In case you’re wondering: What I’ll do when I win the Mega Millions tonight…

I’m sure by now you’ve spent at least a few minutes thinking about what you’d do if you struck the Mega Millions jackpot tonight. I’ve given it a little thought myself. Living debt free with the means to do and have anything I want sounds pretty darn sweet if you ask me.

I’m pretty sure it’ll look a little something like this…

After I eliminate the bills and help my family with whatever they want and need, I estimate I’ll still have a good gazillion bucks left. Then what to do? What to do?

First, some upgrades need to be made around the old Cooper mansion. And by that I mean getting the freakin’ farthest away from it as possible. We’ve outgrown it and I don’t even want to mention the stress of sharing one bathroom with four dudes. So, a new gimungous house is definitely first on the “To Buy” list.

Then of course, I’d have to replace my minivan with something a little more appropriate for a classy mom-on-the-go such as myself. Like…say…a custom-painted, hot pink Escalade with optional fish tank and fuzzy dice hanging from the rear view mirror. You know, sophisticated and practical.

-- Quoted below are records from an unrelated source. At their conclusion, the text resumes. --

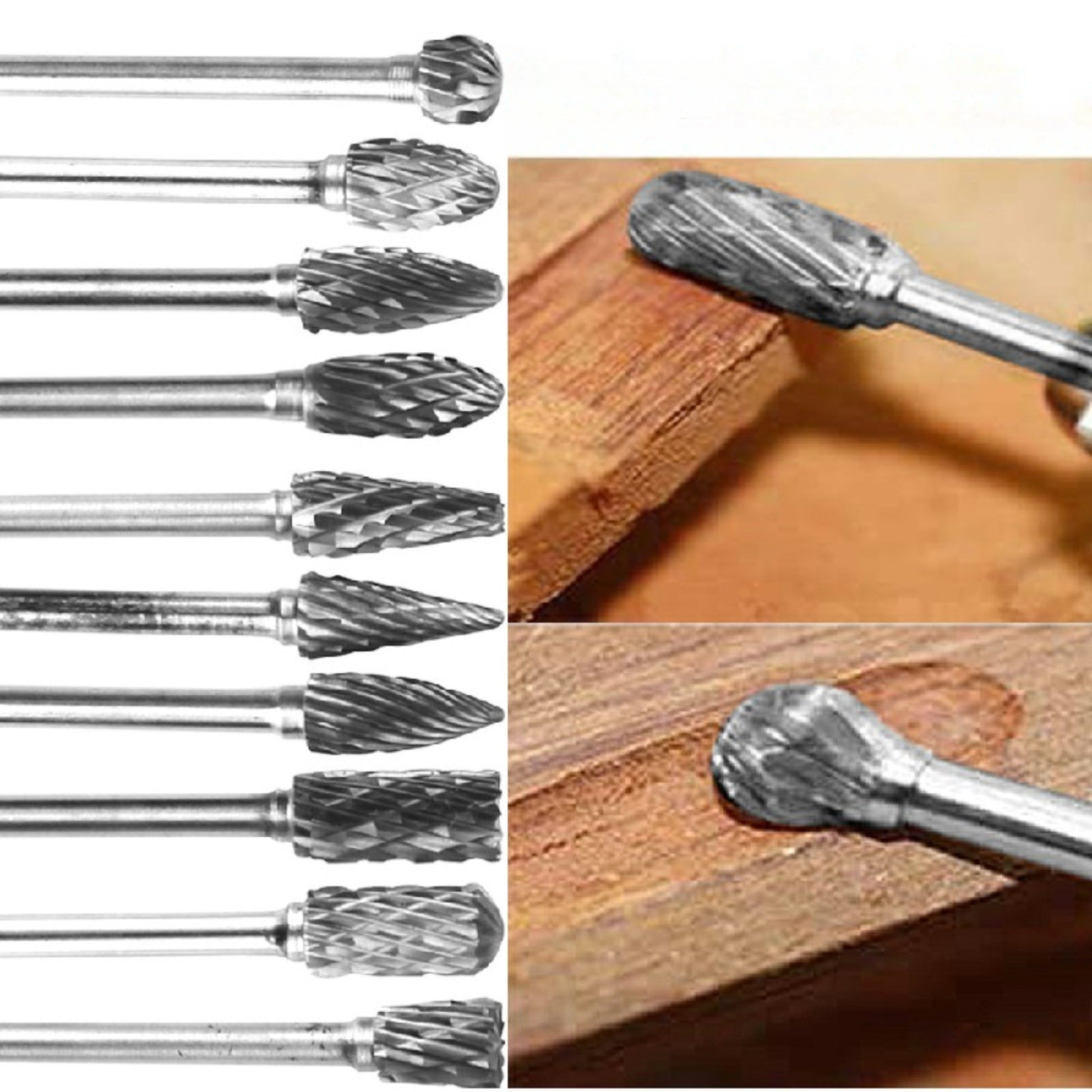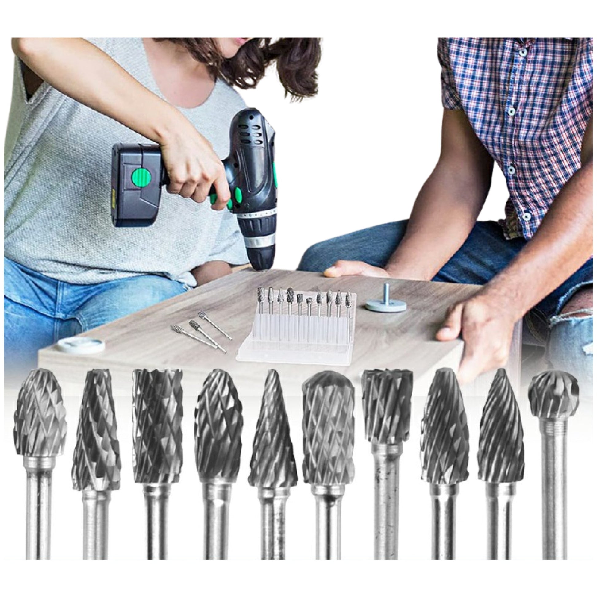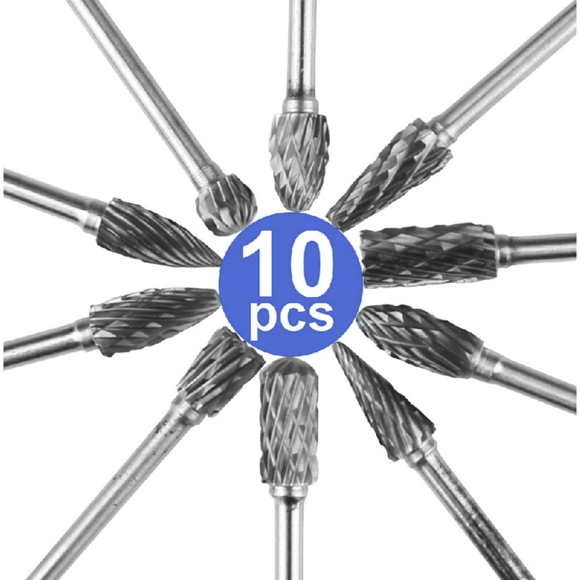 10pcs Tungsten Carbide Rotary Burr Set Die Grinder Bits for Carving & Shaping
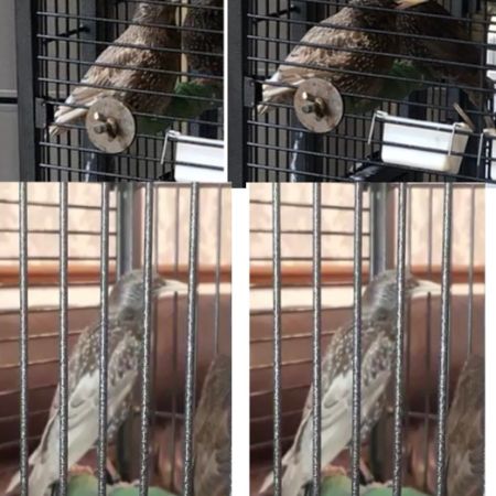 A common starling with silver/white/brown colours. Has a blue ring on his right leg. Sings occasionally.
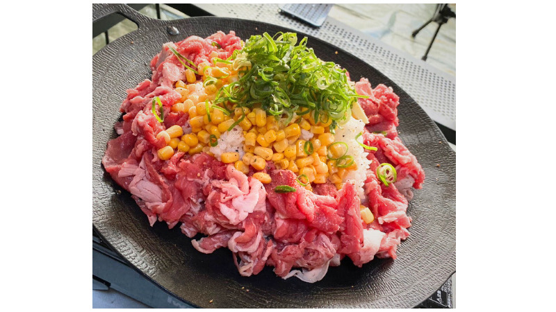 大手チェーン店の味を目指してみました!(米、肉、コーン、ネギ、を焼肉のタレで炒めるだけ)
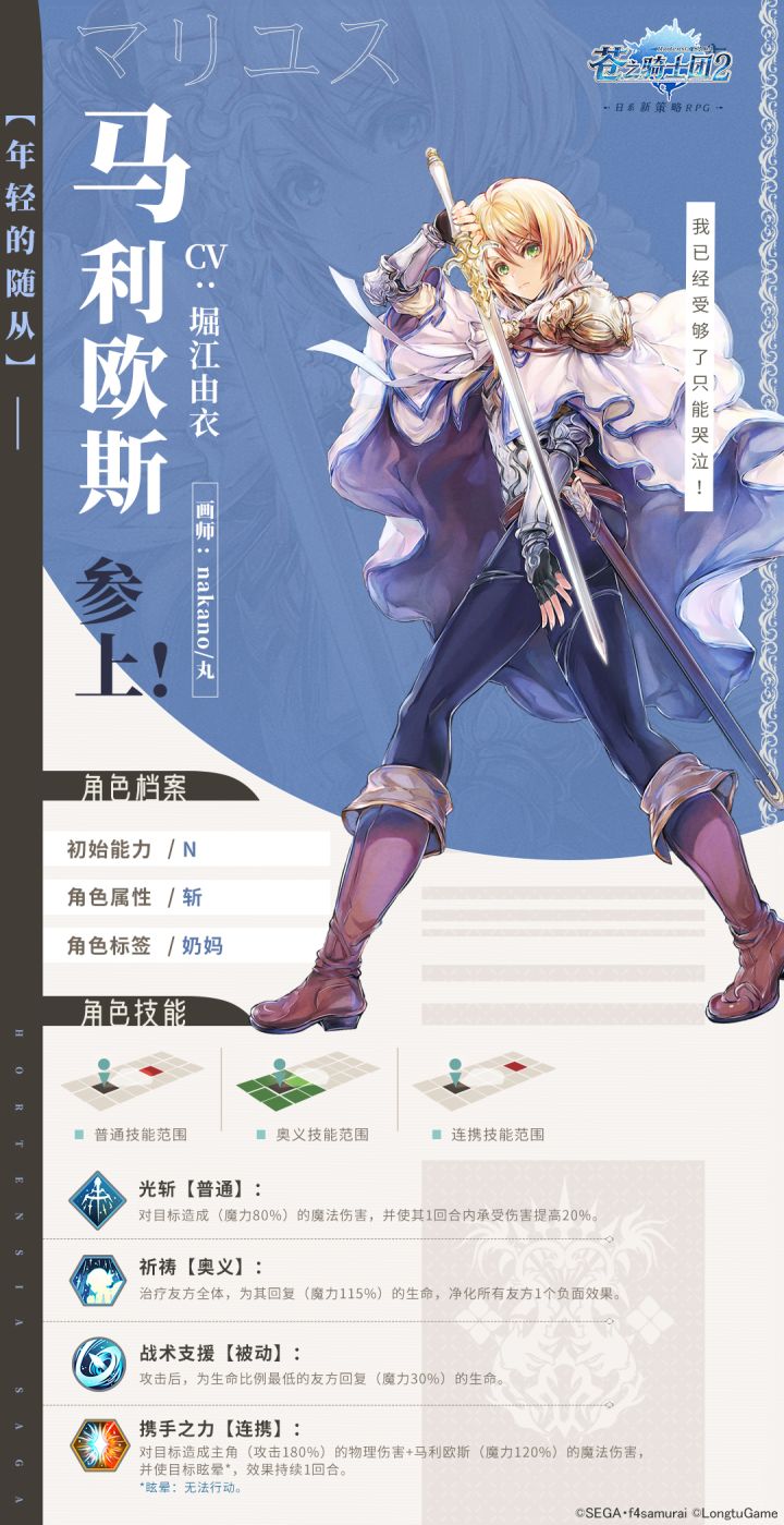“我的名字是马利欧斯·卡斯特雷德,目前正作为随从为欧贝鲁的领主效力。你说梦想?当然是成为骑士了。我不需要什么地位,只想获得力量。能够拯救一个人的力量......啊、不,没什么,不小心说了多余的话......”—— 马利欧斯档案解禁 ——角色攻略:同时上阵男主+马利欧斯,可以激活当前游戏内独一无二的连携技,造成爆炸伤害与控制效果,在保证同队角色血量健康的情况下,可以消耗奥义点数触发此技能。

Once my digs and ride are up to snuff, I’ll turn my attention to my wardrobe. Everything I own will be burned donated and promptly replaced with a swanky new selection of mixed modern and classic styles to match my soon-to-be acquired pink streaked fro.

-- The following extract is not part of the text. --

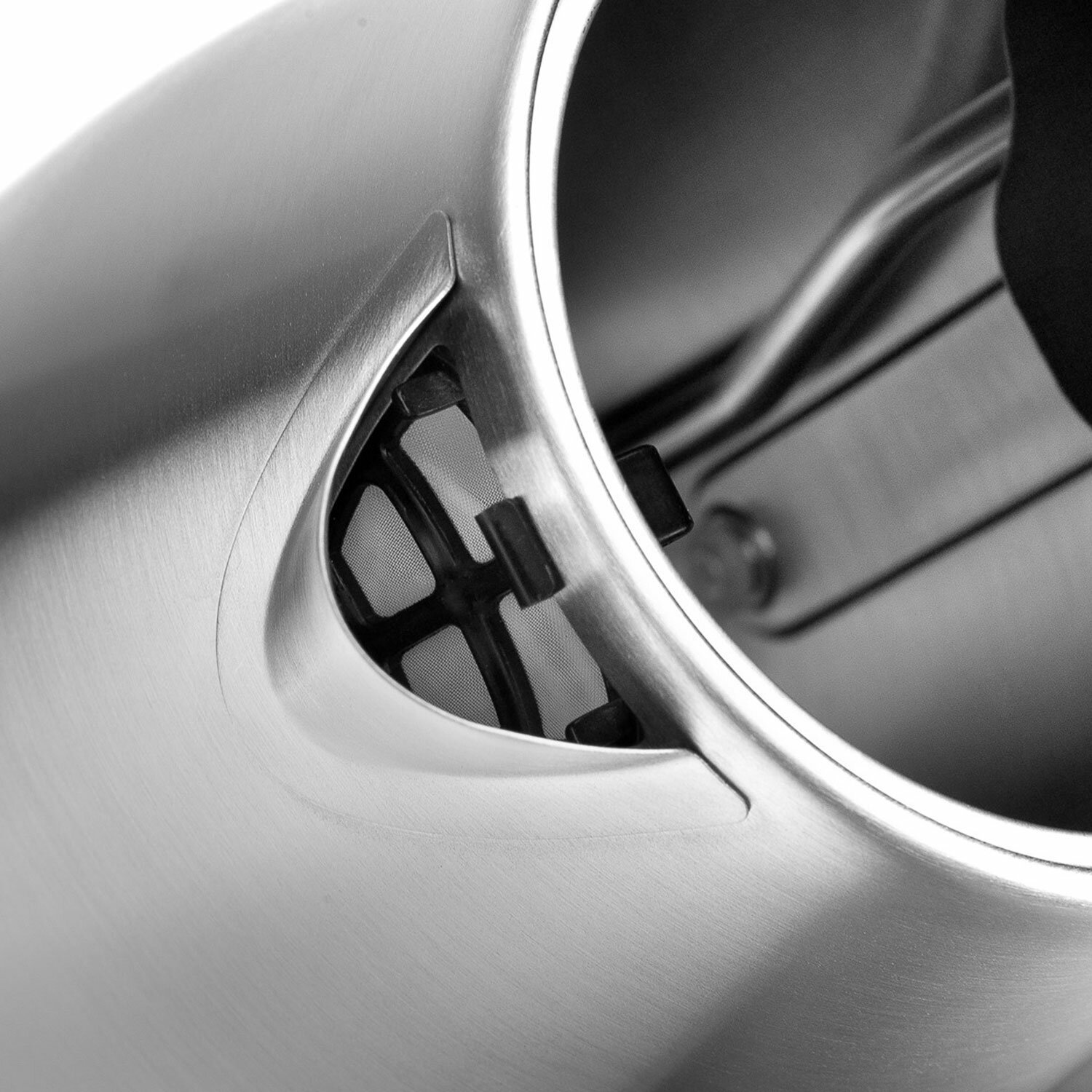 С помощью термометра можно контролировать температуру воды в чайнике, чтобы нагреть воду для определенного сорта чая. Корпус изготовлен из прочной нержавеющей стали и дополнен индикатором уровня воды. Для защиты от накипи в носик встроен фильтр.

After covering all the basics, I’m sure I’ll be exhausted from all the hard work of being filthy, stinking rich, so I’ll need a vacation. My first stop will be in LA, where I’ll be replenished at some obscenely expensive private retreat spa. During my week of treatments, I’ll pay Alexander Skarsgard and Jensen Ackles to just stand in front of me flexing and looking completely interested in whatever babble is dribbling from my piehole.

Then it’s off to anywhere else I feel like going in my personal jet. I have to buy a jet, ya see, because it would just be gross to travel with not-so-wealthy normal types. I’ll just be better than that. I’m sure you understand.

By the time I get home, my family should be moved into the new house, and since it’s too chilly to swim in our new pool, I’ll fill it with money and swim in it like Scrooge McDuck. Complete with weird, retro, striped bathing suit…but in pink.